Your answer must match, word for word, the lines from the one holding "Исходя из анализа" through the final line below, with pictures excluded.

*** Opening of Data section ***

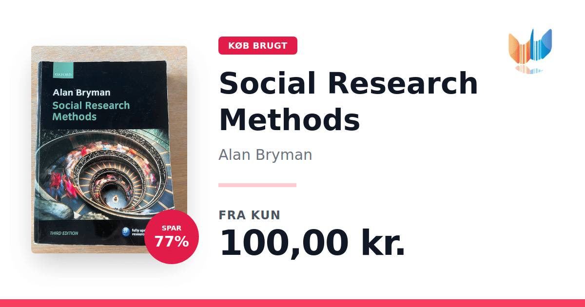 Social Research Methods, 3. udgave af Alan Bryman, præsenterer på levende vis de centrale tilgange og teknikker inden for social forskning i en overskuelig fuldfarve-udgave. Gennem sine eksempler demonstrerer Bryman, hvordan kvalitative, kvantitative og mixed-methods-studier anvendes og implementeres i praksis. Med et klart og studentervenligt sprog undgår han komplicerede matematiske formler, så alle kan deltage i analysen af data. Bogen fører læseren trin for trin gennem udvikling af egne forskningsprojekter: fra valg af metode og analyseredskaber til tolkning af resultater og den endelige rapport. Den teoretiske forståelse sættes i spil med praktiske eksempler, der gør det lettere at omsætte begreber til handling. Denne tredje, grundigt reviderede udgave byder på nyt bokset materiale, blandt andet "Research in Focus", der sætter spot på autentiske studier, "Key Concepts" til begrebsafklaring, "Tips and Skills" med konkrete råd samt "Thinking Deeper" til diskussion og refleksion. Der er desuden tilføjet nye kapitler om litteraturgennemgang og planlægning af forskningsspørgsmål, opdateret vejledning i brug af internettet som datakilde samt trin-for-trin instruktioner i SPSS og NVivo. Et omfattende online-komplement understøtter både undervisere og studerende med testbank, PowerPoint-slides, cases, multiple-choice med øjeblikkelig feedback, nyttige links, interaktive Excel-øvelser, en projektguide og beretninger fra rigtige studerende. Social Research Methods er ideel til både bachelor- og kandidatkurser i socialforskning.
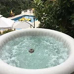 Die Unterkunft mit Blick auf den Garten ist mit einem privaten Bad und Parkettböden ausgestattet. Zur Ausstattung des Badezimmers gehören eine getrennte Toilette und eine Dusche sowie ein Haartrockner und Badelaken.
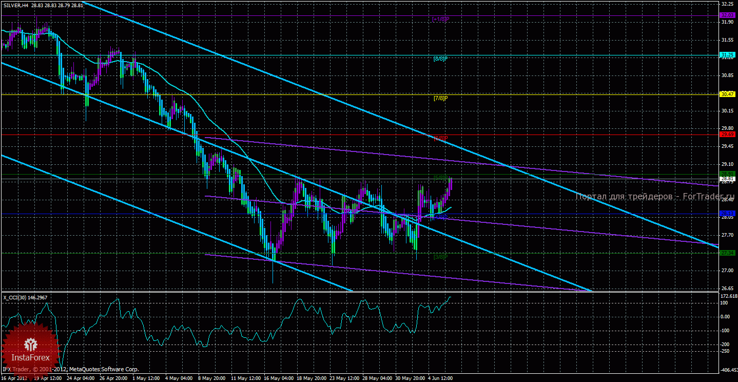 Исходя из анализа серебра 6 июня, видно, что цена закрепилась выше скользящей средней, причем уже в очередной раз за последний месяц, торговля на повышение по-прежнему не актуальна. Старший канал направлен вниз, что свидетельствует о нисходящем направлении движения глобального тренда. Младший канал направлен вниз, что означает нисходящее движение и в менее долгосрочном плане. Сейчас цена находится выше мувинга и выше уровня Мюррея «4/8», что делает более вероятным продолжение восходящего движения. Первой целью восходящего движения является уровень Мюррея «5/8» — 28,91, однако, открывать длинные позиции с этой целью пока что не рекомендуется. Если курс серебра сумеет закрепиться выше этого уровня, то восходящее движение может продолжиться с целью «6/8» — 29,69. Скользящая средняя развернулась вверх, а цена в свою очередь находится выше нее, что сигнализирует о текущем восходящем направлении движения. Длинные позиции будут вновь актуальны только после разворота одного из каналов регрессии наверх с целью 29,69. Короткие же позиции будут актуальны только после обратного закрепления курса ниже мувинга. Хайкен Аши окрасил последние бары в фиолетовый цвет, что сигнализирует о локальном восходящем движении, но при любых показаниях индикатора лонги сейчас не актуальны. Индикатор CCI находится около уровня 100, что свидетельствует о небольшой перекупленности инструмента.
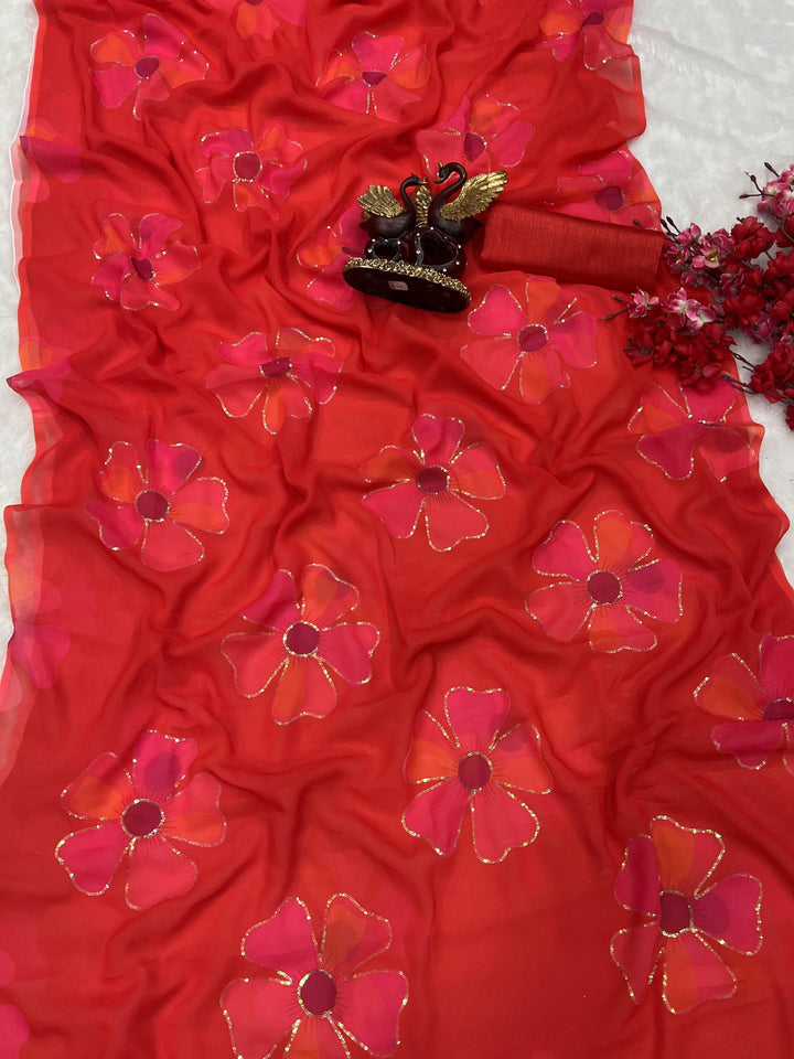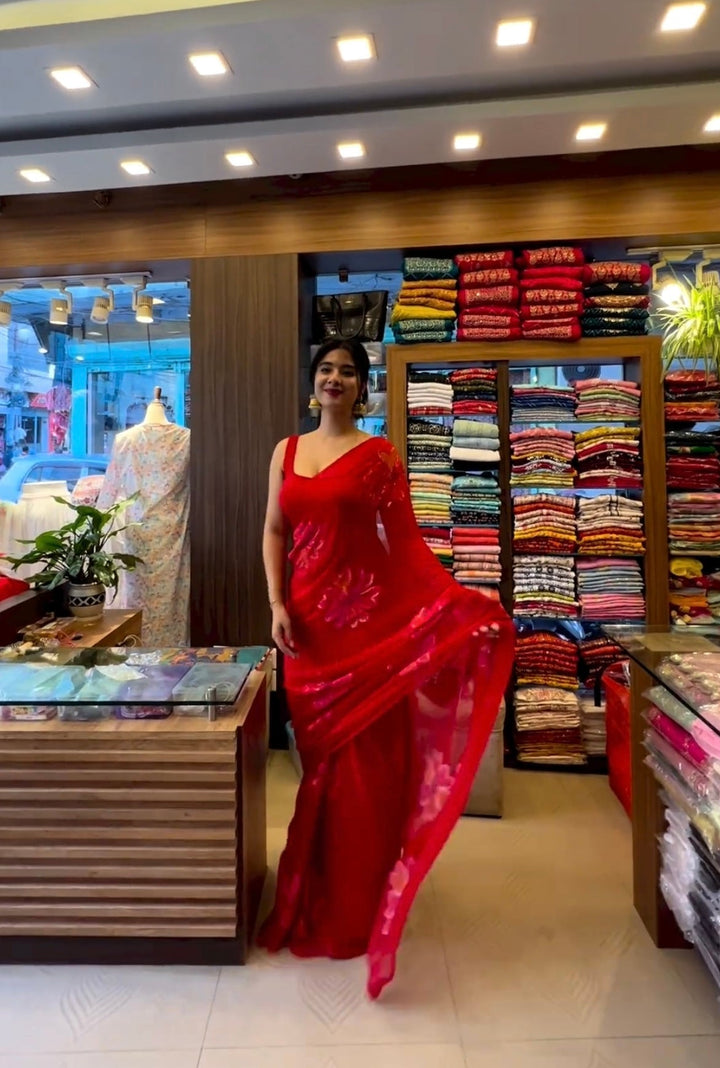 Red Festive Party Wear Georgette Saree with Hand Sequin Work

*** Close of Data section ***

» **Answer to this exercise**:
 Исходя из анализа серебра 6 июня, видно, что цена закрепилась выше скользящей средней, причем уже в очередной раз за последний месяц, торговля на повышение по-прежнему не актуальна. Старший канал направлен вниз, что свидетельствует о нисходящем направлении движения глобального тренда. Младший канал направлен вниз, что означает нисходящее движение и в менее долгосрочном плане. Сейчас цена находится выше мувинга и выше уровня Мюррея «4/8», что делает более вероятным продолжение восходящего движения. Первой целью восходящего движения является уровень Мюррея «5/8» — 28,91, однако, открывать длинные позиции с этой целью пока что не рекомендуется. Если курс серебра сумеет закрепиться выше этого уровня, то восходящее движение может продолжиться с целью «6/8» — 29,69. Скользящая средняя развернулась вверх, а цена в свою очередь находится выше нее, что сигнализирует о текущем восходящем направлении движения. Длинные позиции будут вновь актуальны только после разворота одного из каналов регрессии наверх с целью 29,69. Короткие же позиции будут актуальны только после обратного закрепления курса ниже мувинга. Хайкен Аши окрасил последние бары в фиолетовый цвет, что сигнализирует о локальном восходящем движении, но при любых показаниях индикатора лонги сейчас не актуальны. Индикатор CCI находится около уровня 100, что свидетельствует о небольшой перекупленности инструмента.
 Red Festive Party Wear Georgette Saree with Hand Sequin Work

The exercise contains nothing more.